In and out of such worlds moves the sharp benign observer, he who, in the autobiography, found the proper registrations for his father, and for the Paris of his youth. He belongs to London, with its overlaps of class, the streets that begin rich and end poor and are not so full of oddities as they were for Dickens, yet still copious in providing them. There are flicks of phrase that go straight back to Dickens: a thin man, sitting down on a sofa, folds up “like a small piece of human trellis.” Dickens would have enjoyed Hilda’s metamorphosis into a railway engine, and the premise that enthusiasm of some kind may strike the lives of the poor. But Pritchett patrols the boundaries of class with more dispassion. He looks for borderline experiences: the meetings, on some ground prepared by loneliness or sex, of master and man, or mistress and man. There he himself works.

A sense of the arbitrariness and even the fluidity of such boundaries is one of the qualities that distinguish Pritchett from such a writer as Arthur Morrison, whom he admires. The poor have different living conditions and eating habits, are more exposed to a torrent of trivial misinformation and so less able to discriminate the true and the false; they come to accept contradictories as both true, so that Hilda both was and was not a starved prisoner of war. But just as there are equivalent disabilities, deceptions, senilities, and stupidities, among the rich, so too there are evidences of spirit, and of communication between spirits, as in the early story “Sailor,” and the later “Wheelbarrow” in this book. And to the story of a sly Welsh handyman preaching apocalypse, or to that of an ailing movie producer’s troubleshooter, Pritchett brings an eye informed by a rare enthusiasm for the fiction of the whole world, as to the back streets of London he brings a sense of the streets of Paris, Dublin, New York.

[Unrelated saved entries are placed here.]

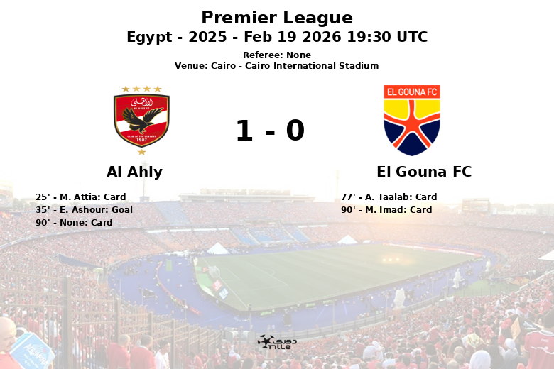El Cairo International Stadium fue testigo de la victoria del Al Ahly sobre El Gouna FC en un partido correspondiente a la jornada 18 de la Premier League egipcia. El único gol del encuentro fue obra de E. Ashour en el minuto 35, tras una asistencia de A. Bencharki.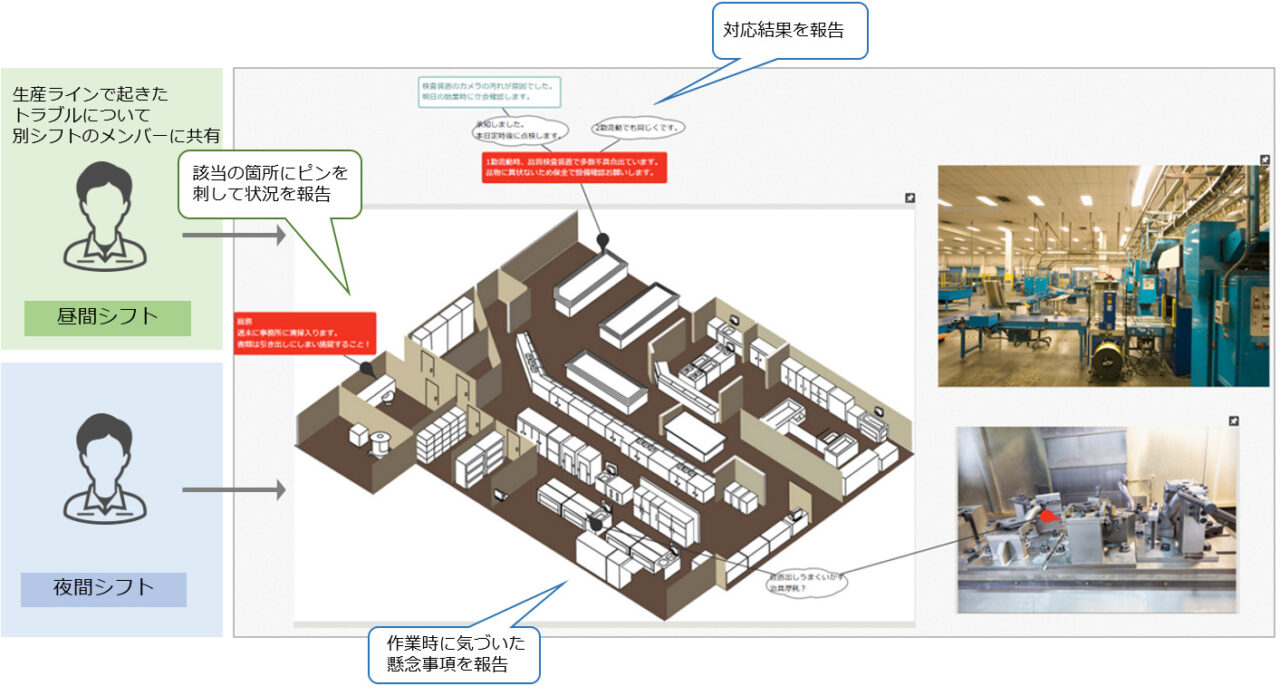 - 工場図面を貼りつけ、ピンを立ててコメントすることで、生産ラインのどこでどのようなトラブルが起きているのか、シフト間での正確な情報引継ぎが可能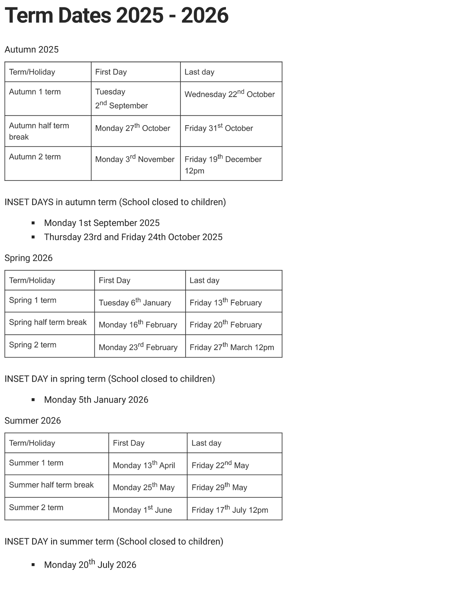 The INSET days are Monday 1 September 2025, Thursday 23 October 2025, Friday 24 October 2025, Monday 5 January 2026, and Monday 20 July 2026. The school is closed to children on these days.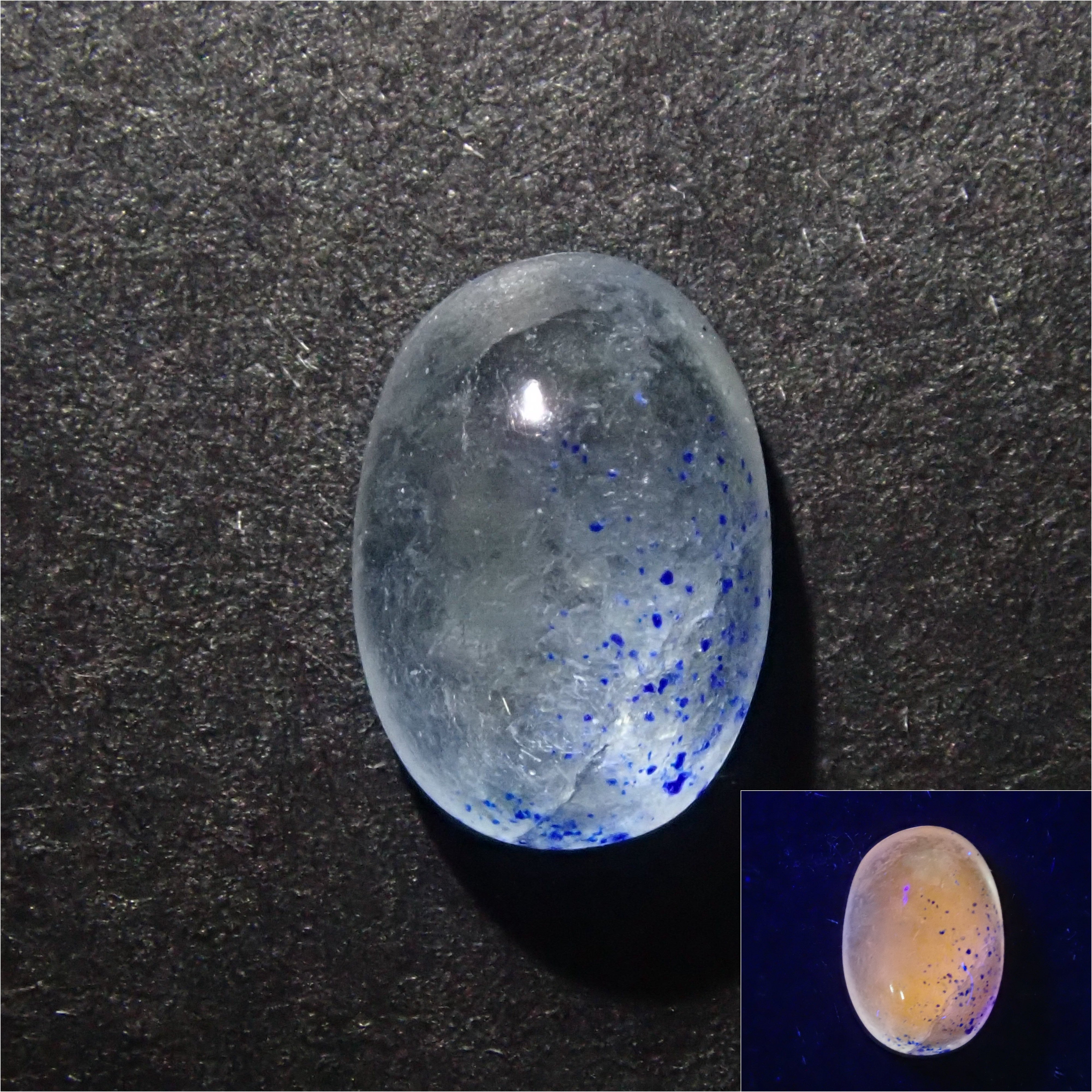 稀有石頭,阿富汗石。它是在阿富汗巴達赫尚省發現的藍色礦物,於 1968 年命名。再加上它的美麗,它也是一種迅速確立了稀有寶石地位的寶石。硬度低的寶石級寶石非常罕見。請務必將其添加到您的收藏中。使用黑光燈欣賞螢光。

He is a proof that an older tradition could survive the importunities of the modernist Twenties and stay modern, respond finely to the world as it is.

It may be true that his ideal landscape is of the Thirties and the postwar years, where “When My Girl Comes Home” belongs; and nothing in this volume except possibly “The Chain-Smoker,” the movie story, needs to be thought of as falling much later than that. But this merely reminds us that we live in the sequel, and should be happy to have this remarkable survivor on hand to make the necessary connections for us.